エメルソン退場までは互角だったけれど(ジュビロ対レッズ、3-1)・・両方とも規制先行だから、観ていて方が凝ってしまった(アントラーズ対グランパス、3-2)

 

レビュー

 

 どうも皆さん、ちょいと所用が重なったこともあって日曜日の帰国ということになってしまいました。まず、ビデオ収録を頼んでおいたジュビロ対レッズをみはじめたところです(日曜日の早朝に成田到着だったのですが、帰宅した早々に宅配ビデオも到着)。

 ギド・ブッフヴァルト&ゲルト・エンゲルスのコンビは、なかなか面白いゲーム戦術(ジュビロ戦における選手たちの基本的なポジショニング&役割イメージ!)で試合に臨んできました。

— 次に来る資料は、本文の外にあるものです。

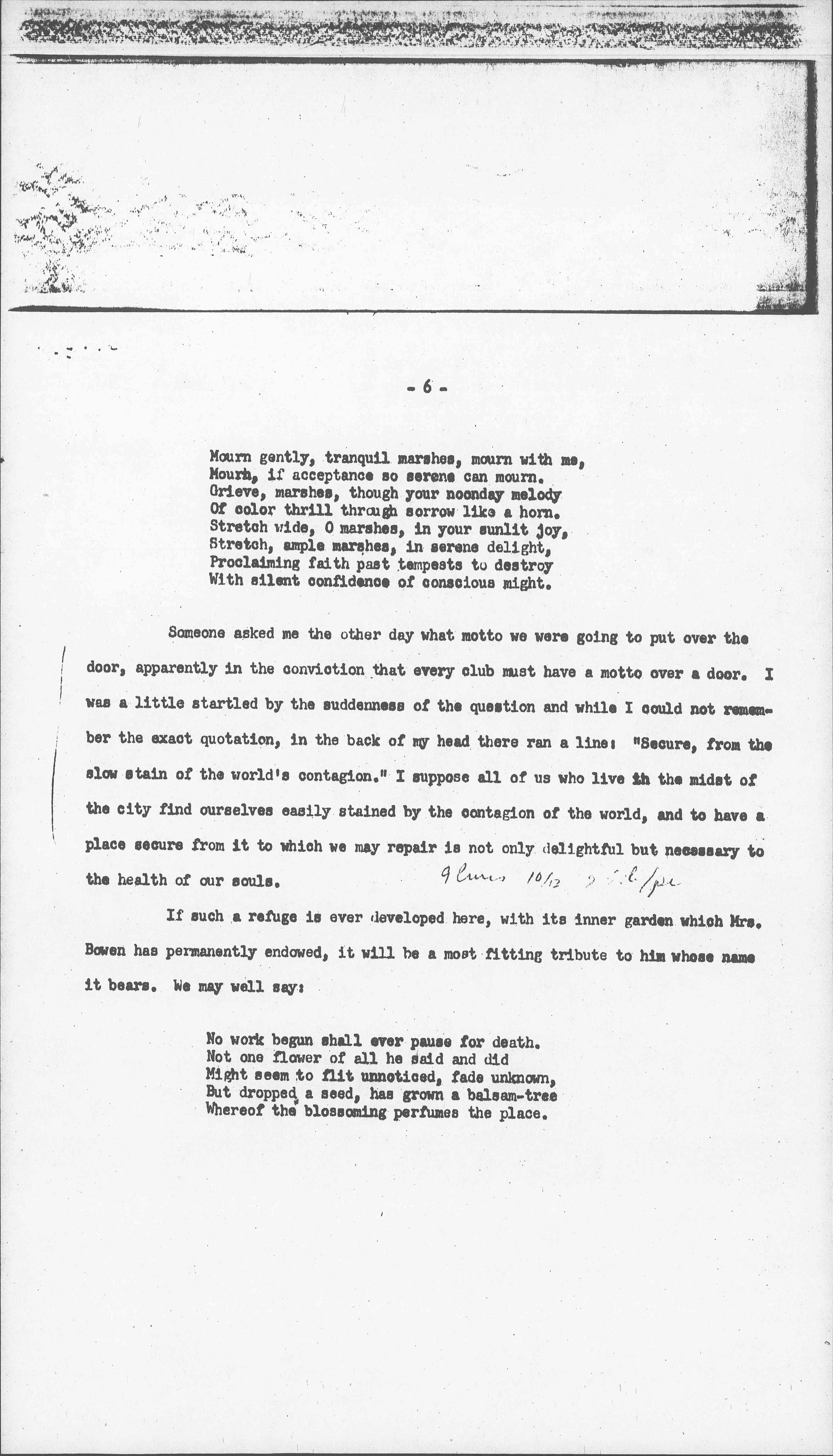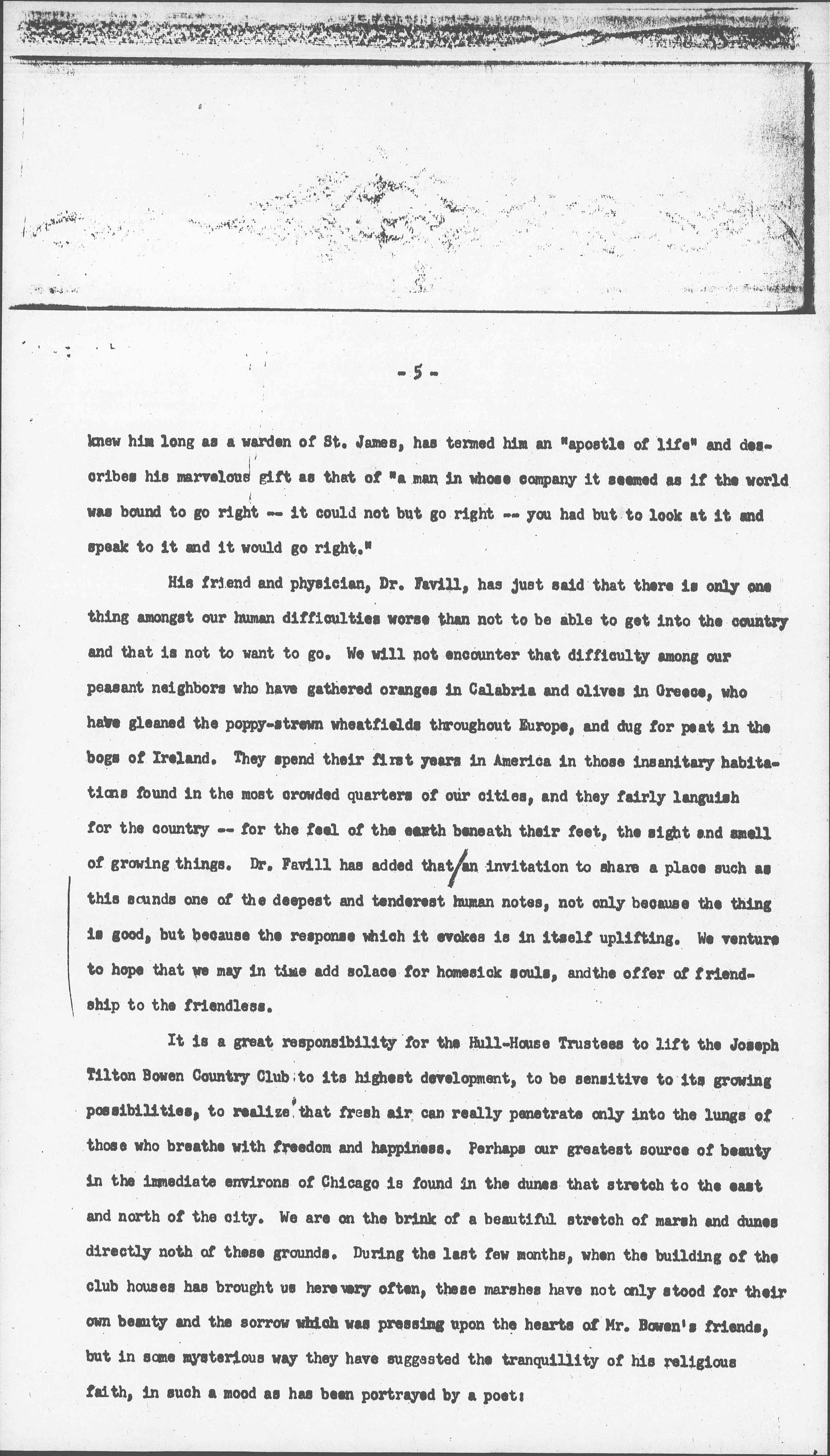 It is a great responsibility for the Hull-House Trustees to lift the Joseph Tilton Bowen Country Club to its highest development, to be sensitive to its growing possibilities, to realize that fresh air can really penetrate only into the lungs of those who breathe with freedom and happiness. Perhaps our greatest source of beauty in the immediate environs of Chicago is found in the dunes that stretch to the east and north of the city. We are on the brink of a beautiful stretch of marsh and dunes directly [north] of these grounds. During the last few months, when the building of the club houses has brought us here very often, these marshes have not only stood for their own beauty and the sorrow which was pressing upon the hearts of Mr. Bowen's friends, but in some mysterious way they have suggested the tranquility of his religious faith, in such a mood as has been portrayed by a poet:

私はそれを、ベンチのポジティブなリスクチャレンジだと捉えています。

 そこではまず、左右サイドバックに、それまでサイドハーフ(攻撃的ハーフ)というイメージでプレーしていたアレックスと永井雄一郎を配置しました(平川は、室井の代わりにストッパーへ!)。これは面白い。特にディフェンスが不安定だった永井に右サイド守備を任せたことが意義深い。現代サッカーでは、「わたし攻める人・・」なんていう姿勢では、自ら発展の可能性にフタをしてしまうことと同じですからネ。たしかに、何度か服部にフリーで上がられたり、守備のポジショニングがずれたりしていましたが(もちろん山田がうまくカバーリング!)、以前のような「そこにいるだけのアリバイ守備」は皆無で、まだうまくボールを奪い返せないまでも、ねばり強くマークしつづけるという姿勢が発展を予感させてくれましたよ。そんな「ホンモノの守備意識」に支えられていたからこそ(それが自信ソースになったからこそ)攻撃にも勢いを乗せることができた・・だからこそ、同点ゴール場面での素晴らしい突破ドリブルを仕掛けていけた・・わたしはそう思います。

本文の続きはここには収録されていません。